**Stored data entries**
——
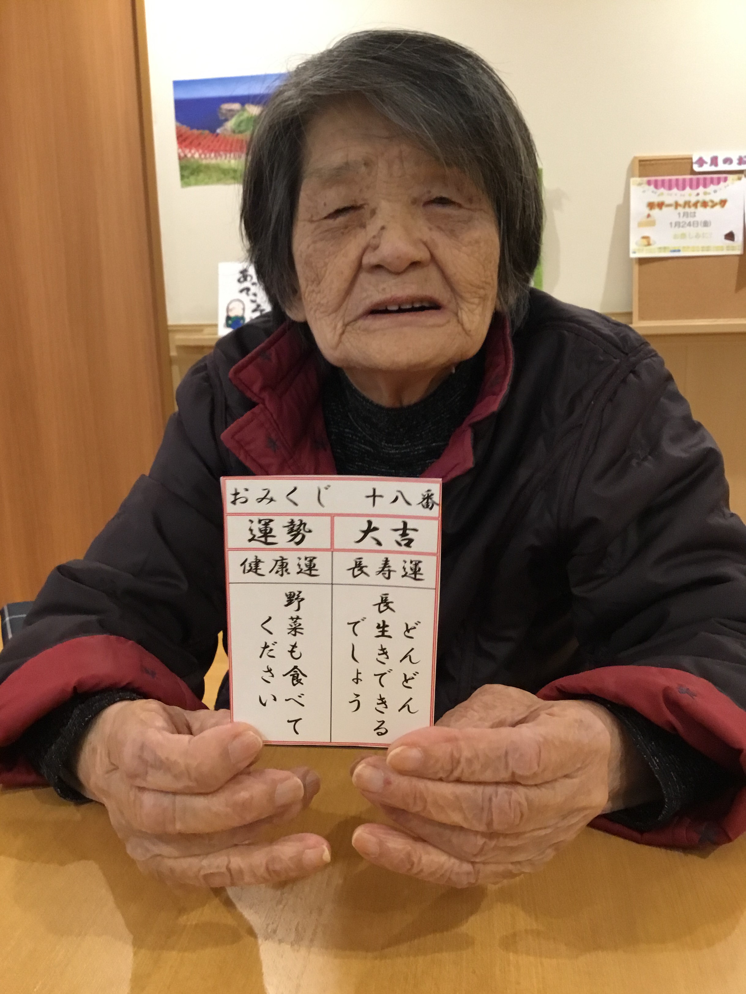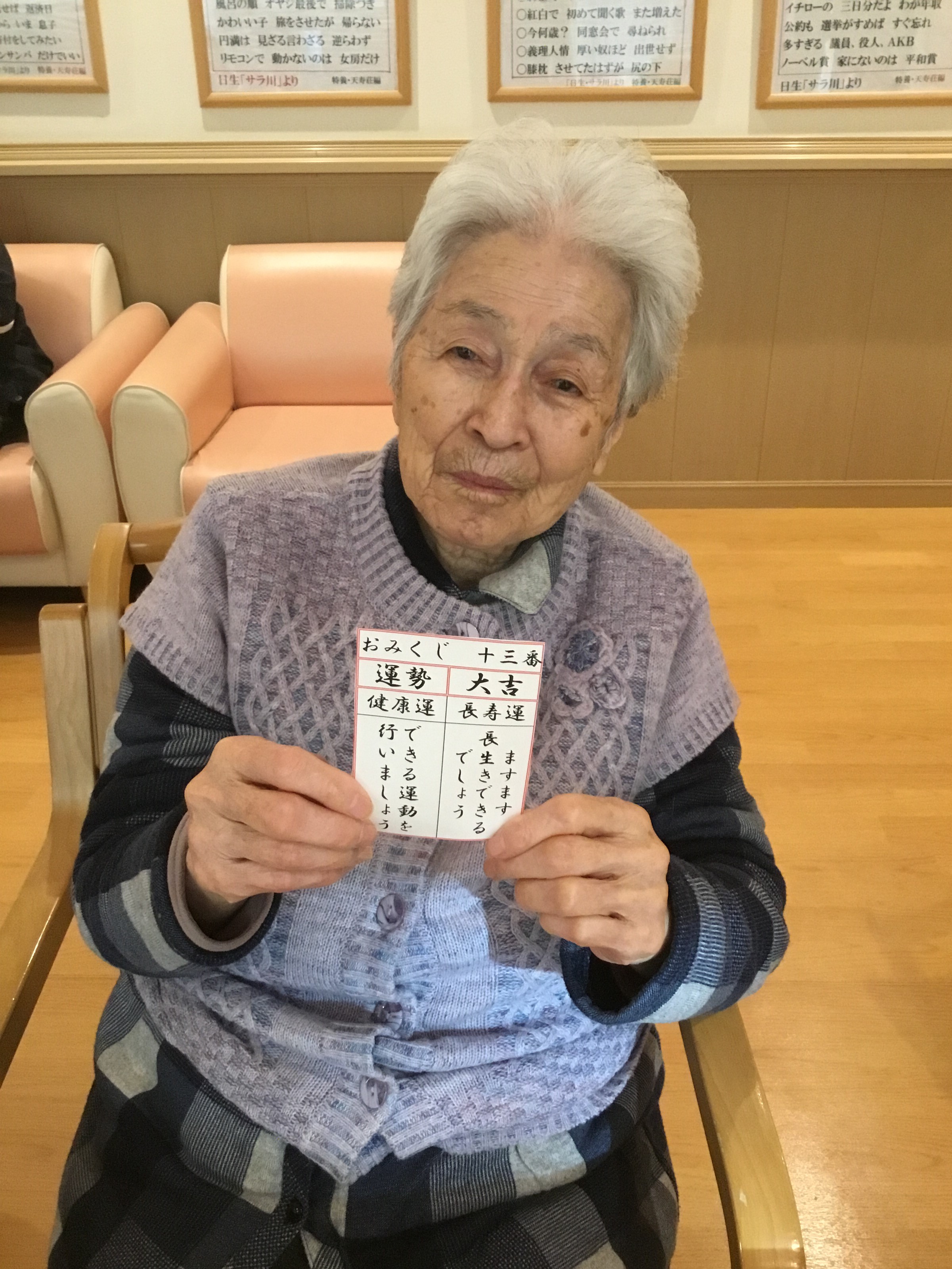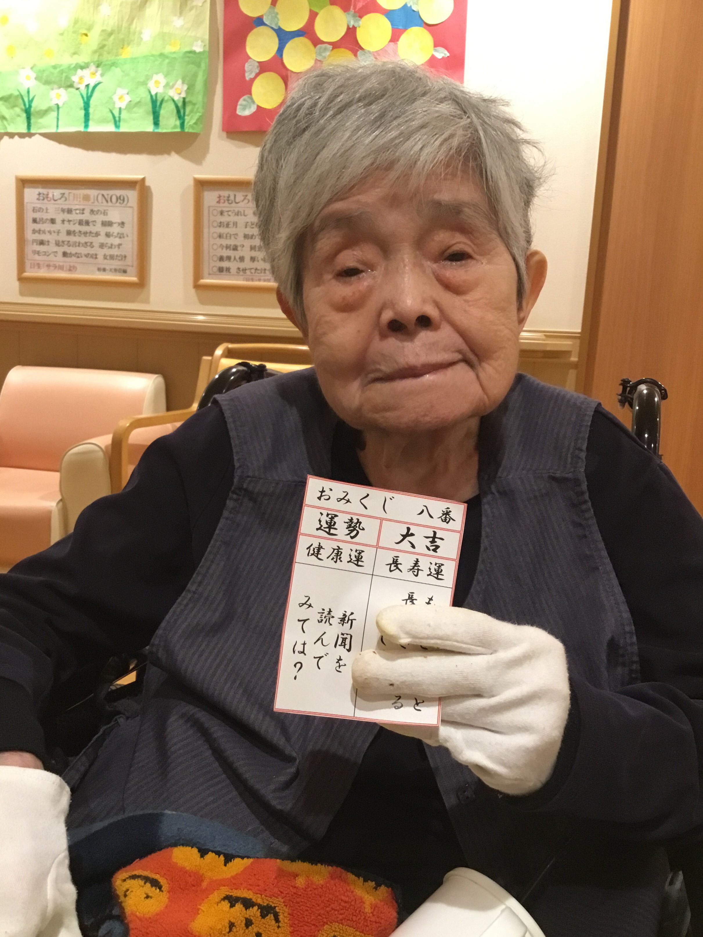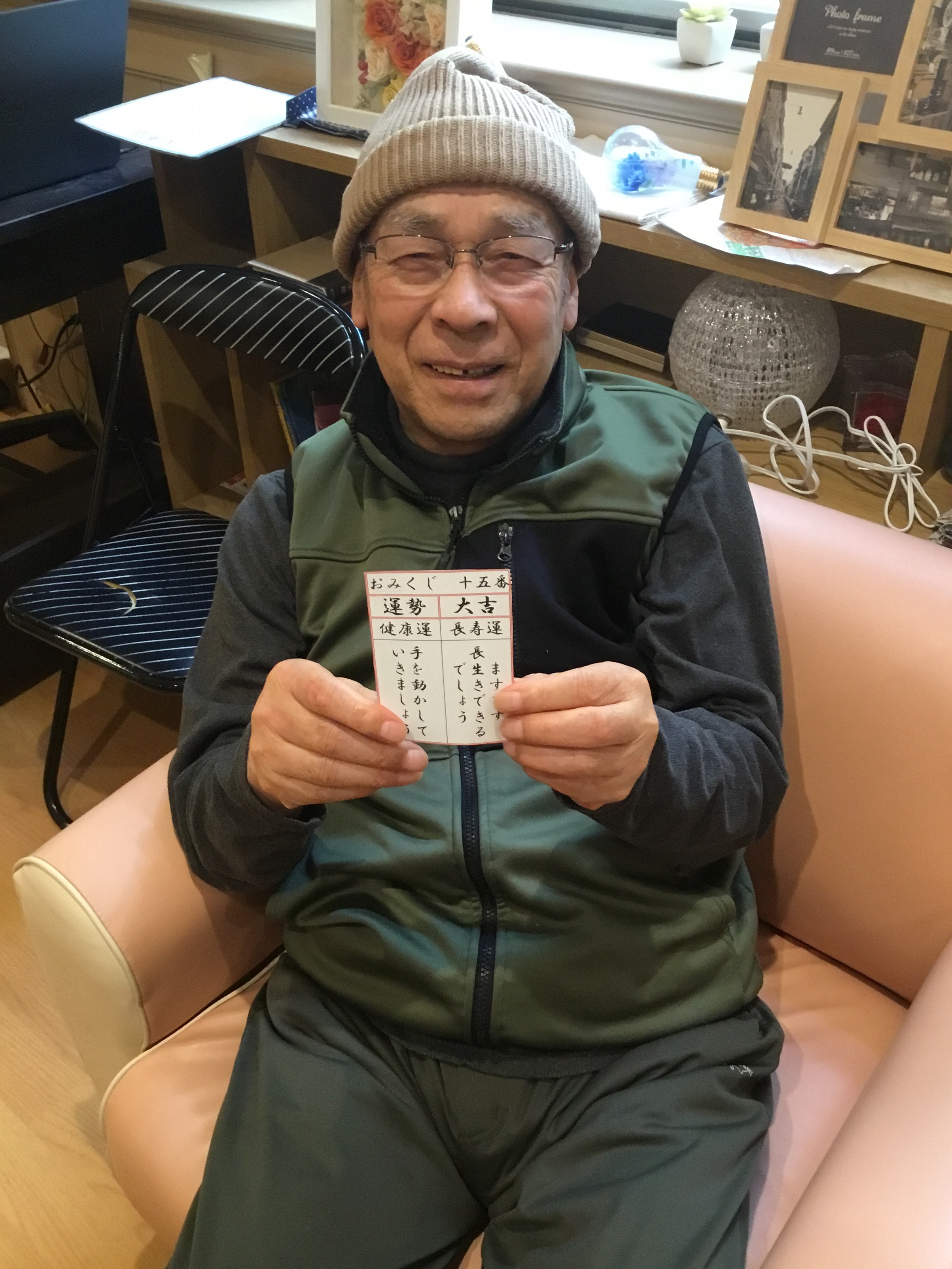 1月1日元日、1階1・2ユニットでは職員手作りおみくじをひいて楽しみました
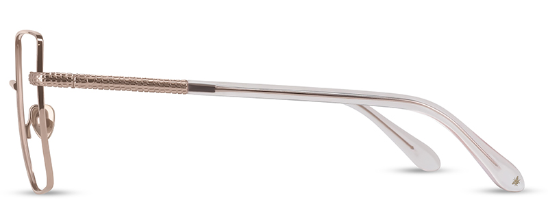 - Temple design emulates Aspinal croc leather
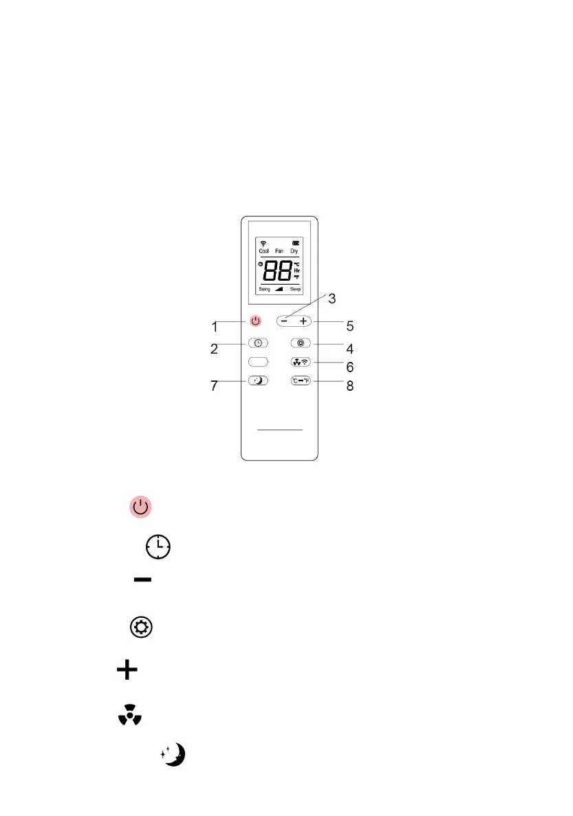 Mode: press the key to switch between cooling, fan, dehumidifying mode.
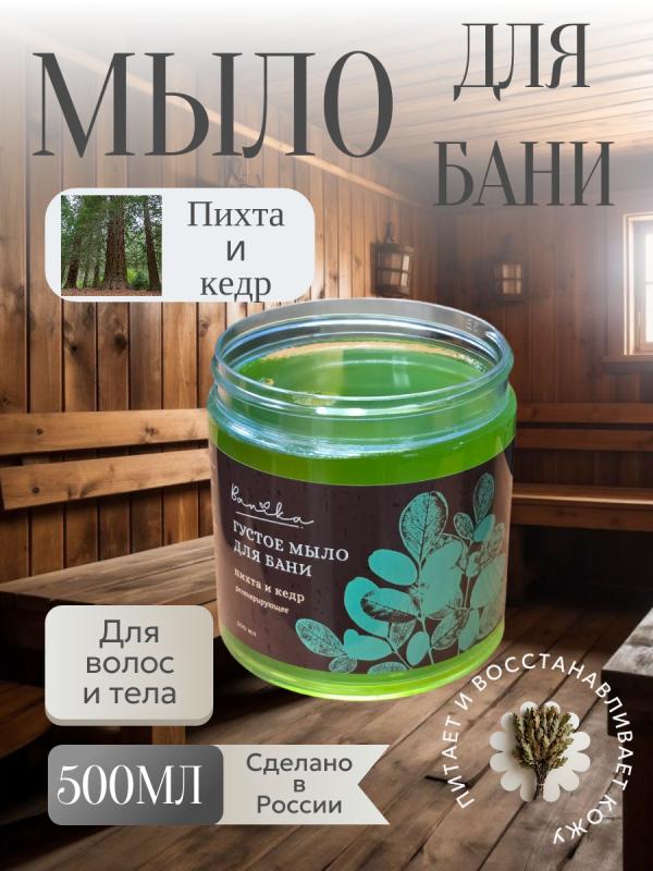 Густое мыло для бани Пихта и Кедр регенерирующее, для волос и тела.С алоэ вера, комплексом масел пихты и кедра и аллантоином.
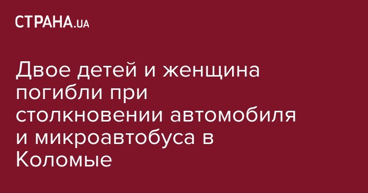 В г.Коломыя (Ивано-Франковская обл.) на ул.Объездная дорога произошло ДТП при участии легкового автомобиля и микроавтобуса, в результате чего погибли двое детей в возрасте 5-6 лет и получили травмы девять человек.
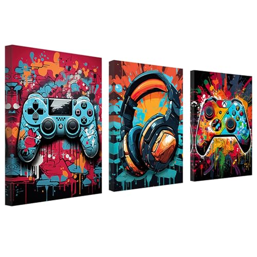 hocadon 3 paneler kanvastryck väggkonst spelmönster bildmålning 30 x 40 cm 3D-målning vägg vardagsrum affisch bild väggdekor för gåvor barnrum dekor
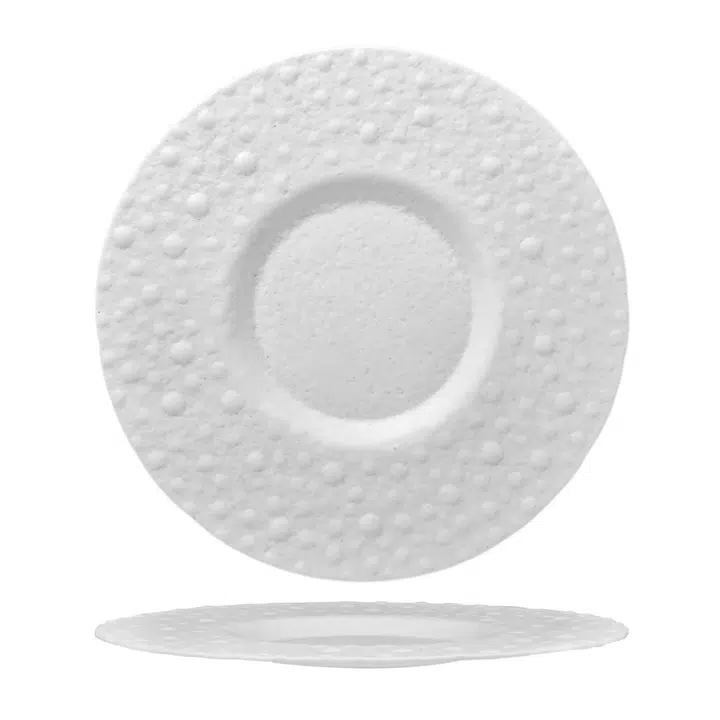 Essentia GIOVE Vetro Bianco Lavorato A Mano Piatto Gourmet Ø 32,5cm Interno 15,8cm
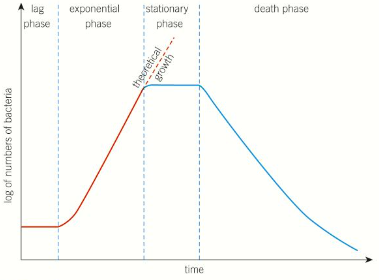 log or exponential phase - is when the rate of bacterial reproduction is close to or at its theoretical maximum
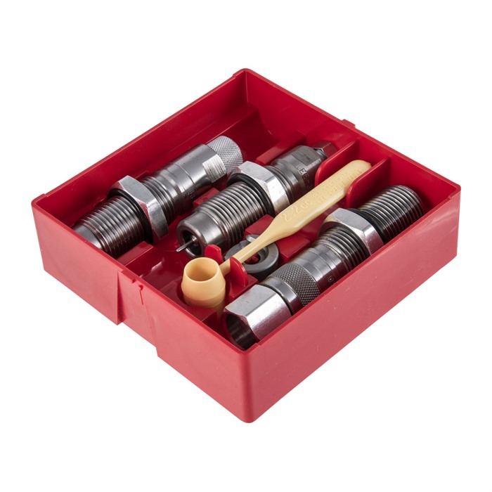 734307905637 Lee Steel 3-Die Rifle Set sisältää täyspitkän koon säädön, luodin istutusvälineen ja jauheen läpi laajentavan välineen, universaalin hylsynpidikkeen, jauheannostelijan sekä ohjeet/kuormitustiedot. Nämä välineet ovat teräksisiä, eivät karbidisia, joten hylsyjen voitelu on tarpeen.Toimitusaika noin 2-4 viikkoa.
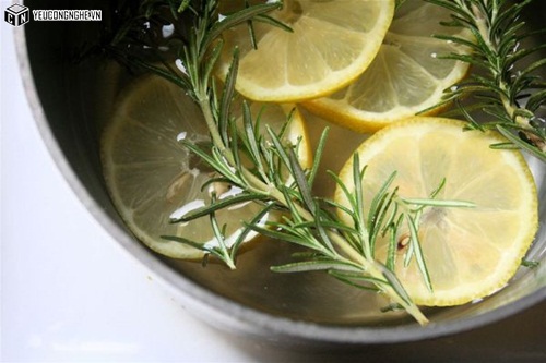 Bạn cần một chiếc chậu thủy tinh nhỏ nhắn, đổ ít nước sạch vào, sau đó cho thêm chanh và một vài cành lá hương thảo. Thêm 1-2 muỗng cà phê vani và để cho hỗn hợp sôi nhẹ,để mùi hương lan tỏa cả ngày dài.
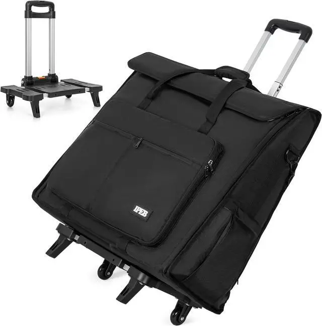 The folding and adjustable Hand Truck with 2 wheels is convenient to transport computer on trips. Safe and secure, sturdy hard panel reinforcement in front flap for extra screen protection. At the back, the luggage strap with small pocket is perfect for your small items, the elastic pocket design on both sides makes it more convenient for you when traveling
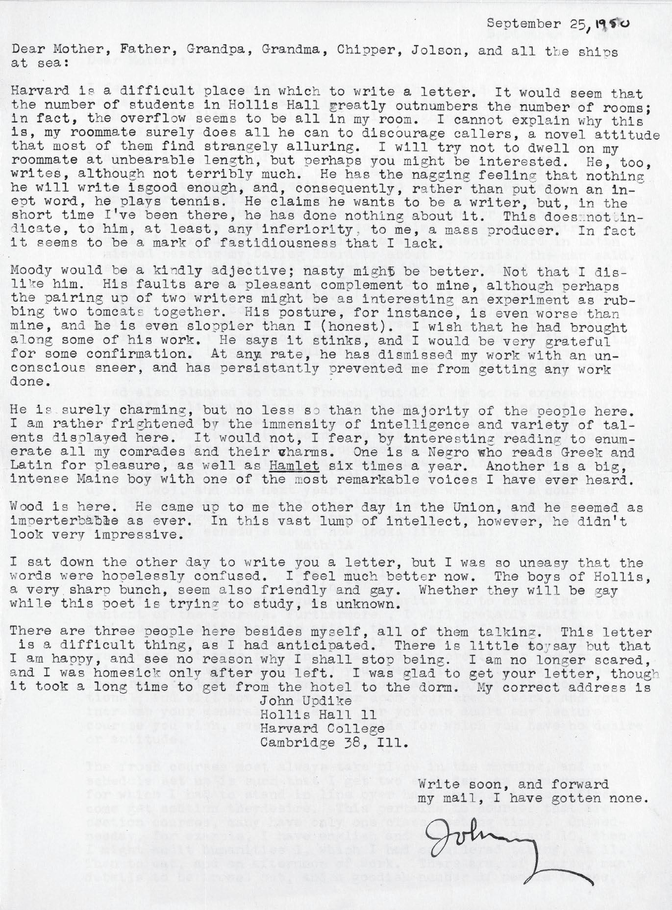 It’s hard to overstate the importance of his family during those early years, and it didn’t stop when he enrolled at Harvard. Within a few days after his arrival at Hollis Hall, his freshman dormitory, Updike became aware, if he hadn’t already anticipated it, that his primary correspondent, his verbal volleying partner, would be his mother. During a busy first year in which he studied hard, submitted writing and artwork to The Harvard Lampoon, and sought to assimilate into an unfamiliar and privileged environment, Updike composed fifty-four substantive letters to his family. Commonly addressed “Dear Plowvillians,” these letters were read not only by the four residents of the sandstone farmhouse but also by neighbors, friends, and relatives. They became a source of entertainment and were often reread; as his mother revealed, “We all read your letters six, or is it sixty, times.” Further, the letters were not the crabbed, laconic, dashed-off notes often composed by college students of that era to ask for money. Filled with news and observations,
——
**What to produce**
Omit the pictures. Print, word for word, the lines from the beginning of the entries above through the line that holds "The folding and".

**Output for this exercise**
 1月1日元日、1階1・2ユニットでは職員手作りおみくじをひいて楽しみました
 - Temple design emulates Aspinal croc leather
 Mode: press the key to switch between cooling, fan, dehumidifying mode.
 Густое мыло для бани Пихта и Кедр регенерирующее, для волос и тела.С алоэ вера, комплексом масел пихты и кедра и аллантоином.
 В г.Коломыя (Ивано-Франковская обл.) на ул.Объездная дорога произошло ДТП при участии легкового автомобиля и микроавтобуса, в результате чего погибли двое детей в возрасте 5-6 лет и получили травмы девять человек.
 hocadon 3 paneler kanvastryck väggkonst spelmönster bildmålning 30 x 40 cm 3D-målning vägg vardagsrum affisch bild väggdekor för gåvor barnrum dekor
 Essentia GIOVE Vetro Bianco Lavorato A Mano Piatto Gourmet Ø 32,5cm Interno 15,8cm
 log or exponential phase - is when the rate of bacterial reproduction is close to or at its theoretical maximum
 734307905637 Lee Steel 3-Die Rifle Set sisältää täyspitkän koon säädön, luodin istutusvälineen ja jauheen läpi laajentavan välineen, universaalin hylsynpidikkeen, jauheannostelijan sekä ohjeet/kuormitustiedot. Nämä välineet ovat teräksisiä, eivät karbidisia, joten hylsyjen voitelu on tarpeen.Toimitusaika noin 2-4 viikkoa.
 Bạn cần một chiếc chậu thủy tinh nhỏ nhắn, đổ ít nước sạch vào, sau đó cho thêm chanh và một vài cành lá hương thảo. Thêm 1-2 muỗng cà phê vani và để cho hỗn hợp sôi nhẹ,để mùi hương lan tỏa cả ngày dài.
 The folding and adjustable Hand Truck with 2 wheels is convenient to transport computer on trips. Safe and secure, sturdy hard panel reinforcement in front flap for extra screen protection. At the back, the luggage strap with small pocket is perfect for your small items, the elastic pocket design on both sides makes it more convenient for you when traveling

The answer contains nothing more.